Although this sounds a lot like Hyper-Transport
, we’re sure that Intel will only use “elements” of the technology as PCI-Express is tailored towards peripheral interconnect to provide compatibility with older technologies as well as other specific benefits like hot-plugging, scalability and flexibility and data striping, which doesn’t benefit small packets and memory addressing. In comparison, Hyper-Transport offers a low overhead, dedicated 32bit packet point-to-point linkage with integrated addressing that is perfectly suited to memory access.
Strangely, integrating the memory controller goes against Intel’s “80 Core Processor” ideal as well, where the company claimed that it wanted to build a CPU of many mini-cores, differentiating products by their core count as opposed to clock speed and cache sizes. This allows far easier scalability in the future, but the problem with adding a memory controller into the CPU core is that each of the new cores now needs to be wired into it. On a motherboard, adding traces is not that hard and new motherboards get made in far greater quantities than new CPU architectures get produced.
This presents the technical challenge of making a processor die to have the “potential” of everything - have a huge substrate and separate memory controller chip or planning for a dozen different processor design variations for just one family. They all have their problems, whether it’s additional cost, lower performance or a phenomenal amount of work. This is partly the reason why AMD can’t just throw another dual core die onto its CPU substrate to make a quick AMD Athlon X4 range, like Intel has done with its current quad core processor.
Regardless, Intel has all the makings of a killer processor that might leave AMD gasping for air, as the Athlon family is due to have its major fundamental performance difference taken away from it.
Click for Large Images
Integrated graphics... on an Intel?
It speaks of the old saying, “if you can’t beat ‘em, join ‘em” and Intel may have realised that AMD was going to progress down the right track with Fusion, integrating an AMD CPU and ATI graphics core into one die space. As graphics cores become fundamentally more CPU-esq in their general calculation ability, as well as the fact that including a graphics core on CPU means less power consumption, lower latency and space savings, this certainly seems to be a logical step forward. With this model you don’t need a separate IGP (integrated graphics processor) on the motherboard and traces that require more space and power. The results could be a lower cost PC, a smaller PC and thinner, cooler, lighter notebooks with longer battery life.

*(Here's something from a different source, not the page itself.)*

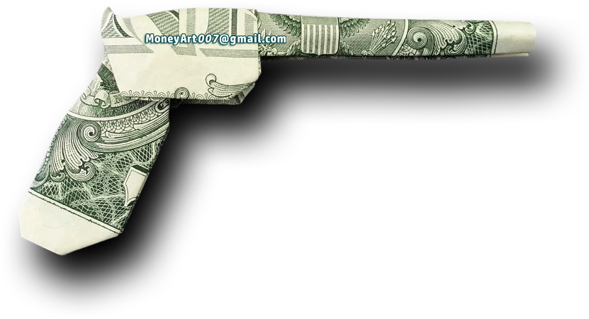 Up for sale is a beautifully crafted Origami Gun. It's folded by hand and it's made with real money!

With Intel now pushing the mini-ITX form factor, having an all-in-one CPU will mean that a massive percentage of board real estate is reclaimed for other components. It also means cheaper motherboards as a manufacturer doesn’t have to include a northbridge and/or graphics processor, as it’s down to the end user to source at their own cost. For example, the cost difference between a moderately larger micro ATX motherboard and mini-ITX motherboard can be three or four times as much in favour of micro ATX.
Intel expressed that the integrated graphics will be in the same vein as its current integrated graphics, which realistically is for non-gaming systems . This is essentially to remain within the TDP envelope, but including any extra graphics processor means that the CPU cores will have to be exceptionally low power. There is a computational advantage however, as the CPU could possibly palm off calculations to the graphics core when it isn’t heavily utilised.
However it eventually turns out, Nehalem looks set to offer an interesting future of optimised low power coupled with increased performance. While AMD Fusion now has a direct competitor, Intel has tipped this for being a mid-2008 product and Fusion is due Q408/Q109. Could Nehalem and Intel beat AMD to market at its own game?